▸ Input material
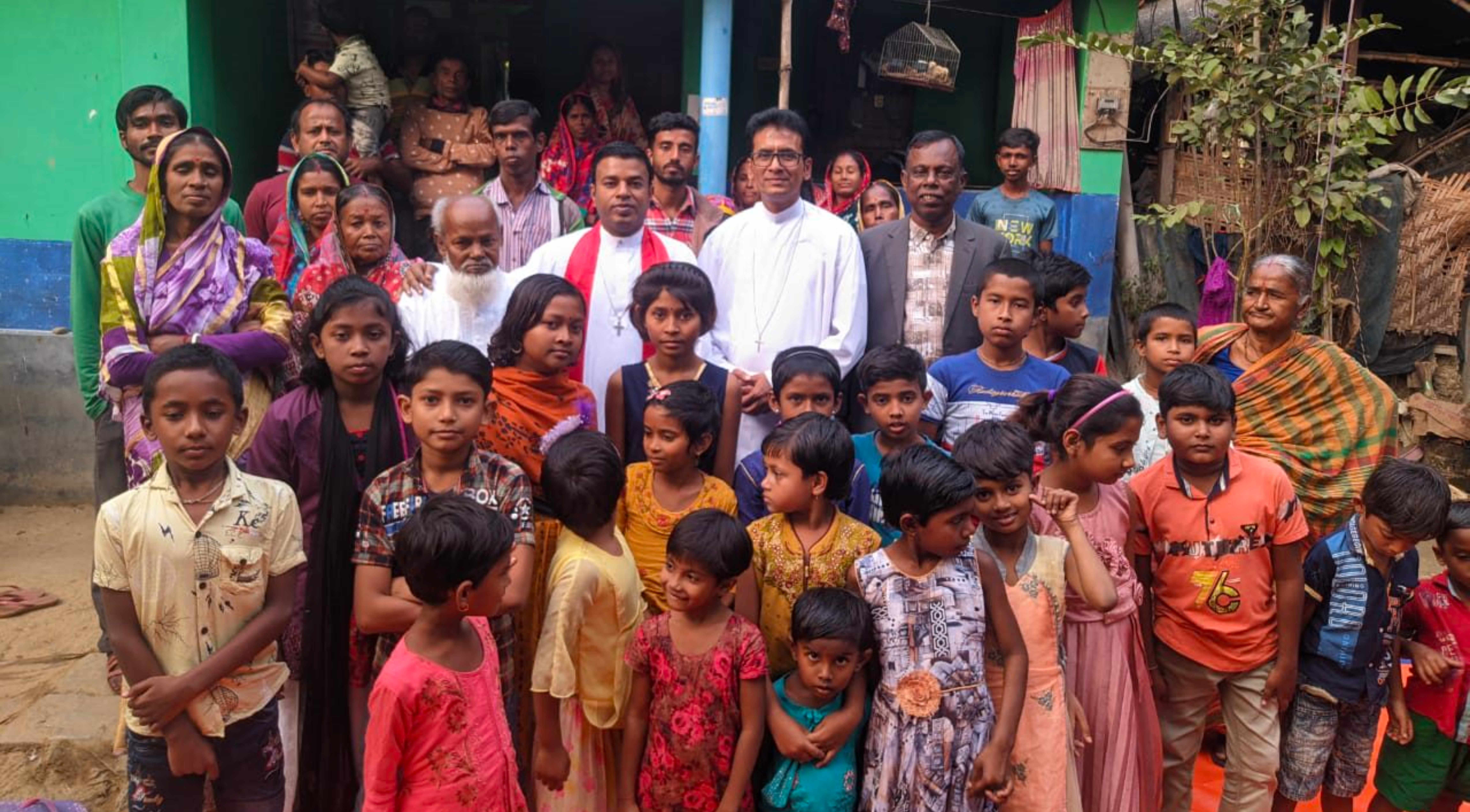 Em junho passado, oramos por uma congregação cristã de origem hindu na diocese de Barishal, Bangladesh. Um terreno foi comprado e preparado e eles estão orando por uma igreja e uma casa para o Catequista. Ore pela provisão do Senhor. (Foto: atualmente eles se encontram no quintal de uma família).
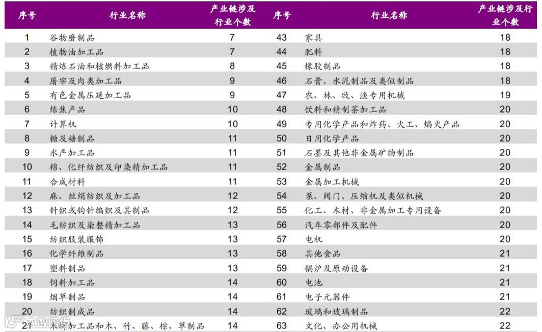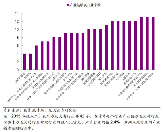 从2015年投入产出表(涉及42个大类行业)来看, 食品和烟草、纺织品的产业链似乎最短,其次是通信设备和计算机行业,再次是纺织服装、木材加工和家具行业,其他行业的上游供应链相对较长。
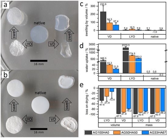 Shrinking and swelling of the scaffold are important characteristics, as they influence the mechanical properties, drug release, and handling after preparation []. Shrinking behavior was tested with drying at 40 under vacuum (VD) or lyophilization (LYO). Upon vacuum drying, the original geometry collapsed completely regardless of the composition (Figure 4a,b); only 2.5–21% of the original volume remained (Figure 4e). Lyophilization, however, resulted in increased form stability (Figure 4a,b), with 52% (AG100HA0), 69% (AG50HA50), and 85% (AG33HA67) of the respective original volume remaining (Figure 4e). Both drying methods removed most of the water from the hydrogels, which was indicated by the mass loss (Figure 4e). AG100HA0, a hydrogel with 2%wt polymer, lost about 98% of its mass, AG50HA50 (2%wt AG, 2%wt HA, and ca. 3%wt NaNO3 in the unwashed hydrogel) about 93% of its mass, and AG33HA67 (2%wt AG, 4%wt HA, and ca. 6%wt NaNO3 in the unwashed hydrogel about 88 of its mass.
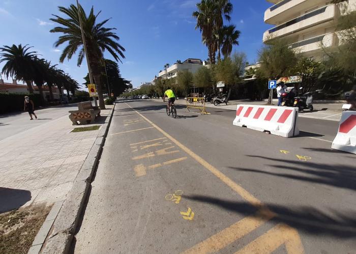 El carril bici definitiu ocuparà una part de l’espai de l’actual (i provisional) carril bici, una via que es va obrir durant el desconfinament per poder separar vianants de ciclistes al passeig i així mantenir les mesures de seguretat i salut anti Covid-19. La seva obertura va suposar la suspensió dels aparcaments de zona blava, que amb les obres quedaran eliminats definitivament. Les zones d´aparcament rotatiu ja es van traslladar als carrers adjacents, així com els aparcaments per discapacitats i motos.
---
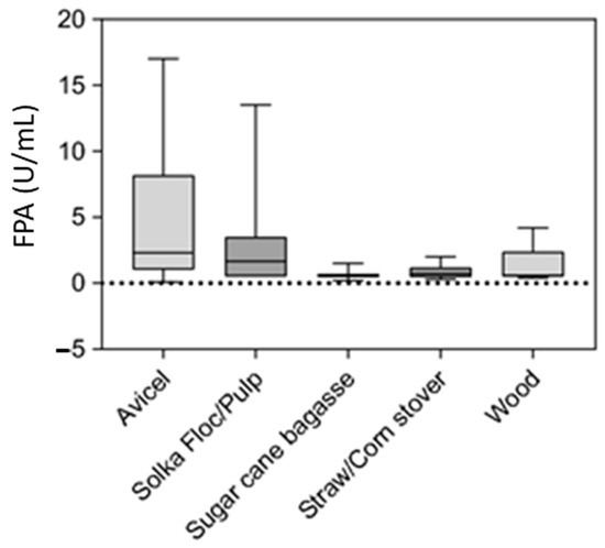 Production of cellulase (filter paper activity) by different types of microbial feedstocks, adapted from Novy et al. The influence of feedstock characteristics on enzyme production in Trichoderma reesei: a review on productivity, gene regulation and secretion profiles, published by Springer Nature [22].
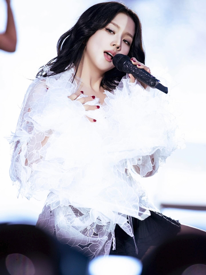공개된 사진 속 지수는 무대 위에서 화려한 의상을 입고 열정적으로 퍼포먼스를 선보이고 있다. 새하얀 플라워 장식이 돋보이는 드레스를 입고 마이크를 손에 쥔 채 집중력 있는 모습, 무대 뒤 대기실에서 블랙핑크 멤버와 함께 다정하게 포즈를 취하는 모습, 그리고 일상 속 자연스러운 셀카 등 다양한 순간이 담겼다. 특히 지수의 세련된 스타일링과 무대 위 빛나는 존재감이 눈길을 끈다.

▸ Exercise requirements
Transcribe only this stretch of the data: the line with "Em junho passado, oramos", the line with "从2015年投入产出表(涉及", and every line in between. Leave out the pictures.

▸ Answer box
 Em junho passado, oramos por uma congregação cristã de origem hindu na diocese de Barishal, Bangladesh. Um terreno foi comprado e preparado e eles estão orando por uma igreja e uma casa para o Catequista. Ore pela provisão do Senhor. (Foto: atualmente eles se encontram no quintal de uma família).
 从2015年投入产出表(涉及42个大类行业)来看, 食品和烟草、纺织品的产业链似乎最短,其次是通信设备和计算机行业,再次是纺织服装、木材加工和家具行业,其他行业的上游供应链相对较长。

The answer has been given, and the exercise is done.